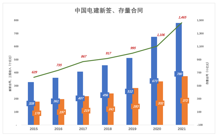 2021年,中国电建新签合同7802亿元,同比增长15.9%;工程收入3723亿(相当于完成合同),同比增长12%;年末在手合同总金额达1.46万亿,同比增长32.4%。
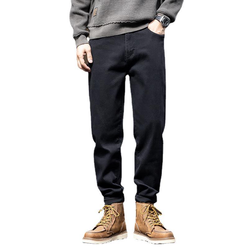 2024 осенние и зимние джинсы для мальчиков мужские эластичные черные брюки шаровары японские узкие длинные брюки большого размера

==

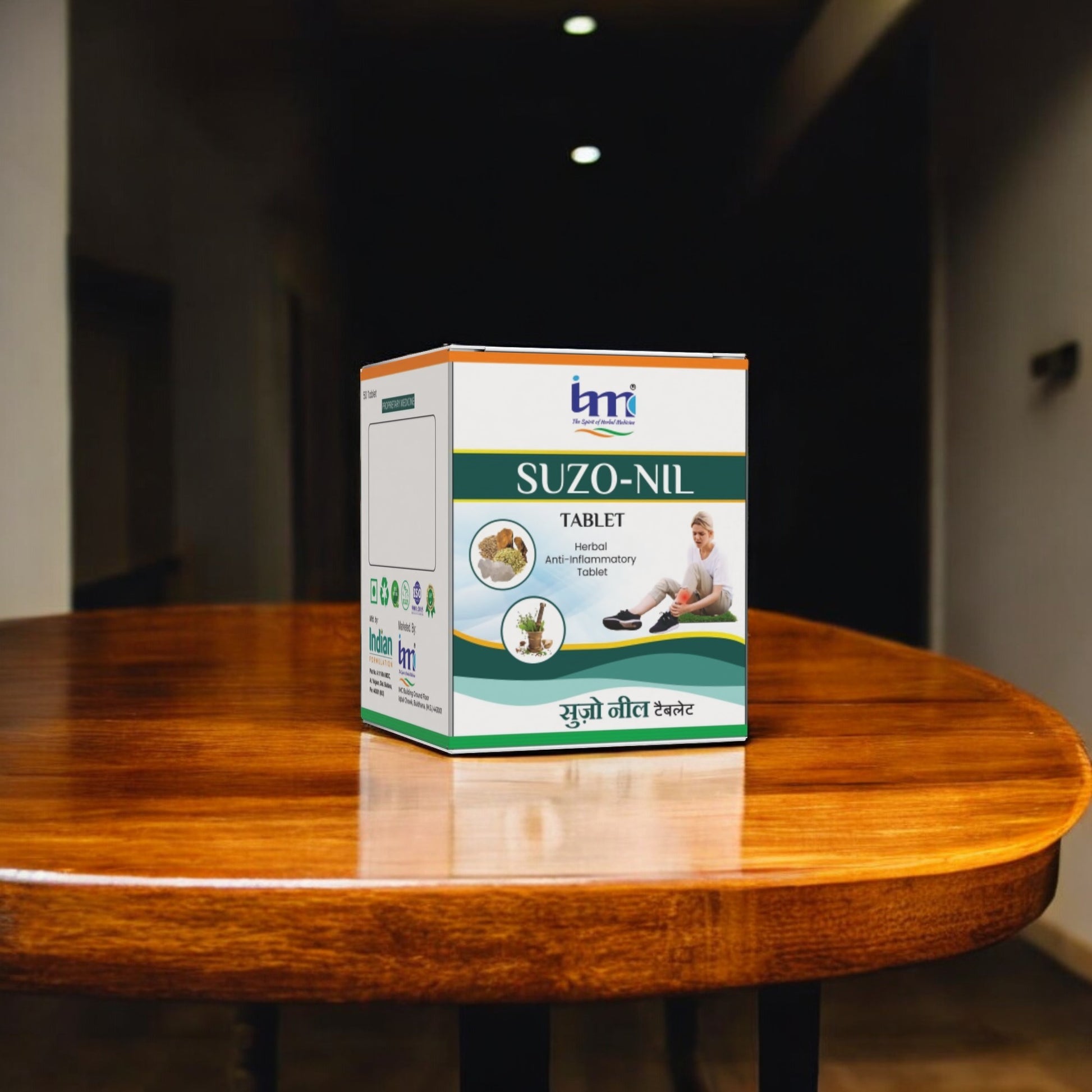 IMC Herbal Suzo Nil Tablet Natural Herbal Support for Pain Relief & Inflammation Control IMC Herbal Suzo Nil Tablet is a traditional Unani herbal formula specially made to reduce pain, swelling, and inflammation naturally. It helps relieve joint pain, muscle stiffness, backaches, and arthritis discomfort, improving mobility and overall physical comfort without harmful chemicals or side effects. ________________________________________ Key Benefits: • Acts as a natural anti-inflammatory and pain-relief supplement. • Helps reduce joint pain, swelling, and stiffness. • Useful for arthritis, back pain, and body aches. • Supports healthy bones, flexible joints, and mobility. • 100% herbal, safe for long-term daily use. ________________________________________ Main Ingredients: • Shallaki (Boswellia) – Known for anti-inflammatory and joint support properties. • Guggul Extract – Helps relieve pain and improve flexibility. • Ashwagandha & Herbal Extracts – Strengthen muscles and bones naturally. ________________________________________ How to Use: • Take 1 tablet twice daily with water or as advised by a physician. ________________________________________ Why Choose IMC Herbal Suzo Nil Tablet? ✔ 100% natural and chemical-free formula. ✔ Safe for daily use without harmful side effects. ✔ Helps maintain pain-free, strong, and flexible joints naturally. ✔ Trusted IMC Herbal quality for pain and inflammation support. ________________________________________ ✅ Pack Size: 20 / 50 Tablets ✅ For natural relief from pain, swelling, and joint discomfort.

### [Exercise brief]
Since the pictures are not part of the copy, please transcribe only the lines above from the one with "2021年,中国电建新签合同" through the one with "2024 осенние и", exactly and with both ends.

### [Written answer]
 2021年,中国电建新签合同7802亿元,同比增长15.9%;工程收入3723亿(相当于完成合同),同比增长12%;年末在手合同总金额达1.46万亿,同比增长32.4%。
 2024 осенние и зимние джинсы для мальчиков мужские эластичные черные брюки шаровары японские узкие длинные брюки большого размера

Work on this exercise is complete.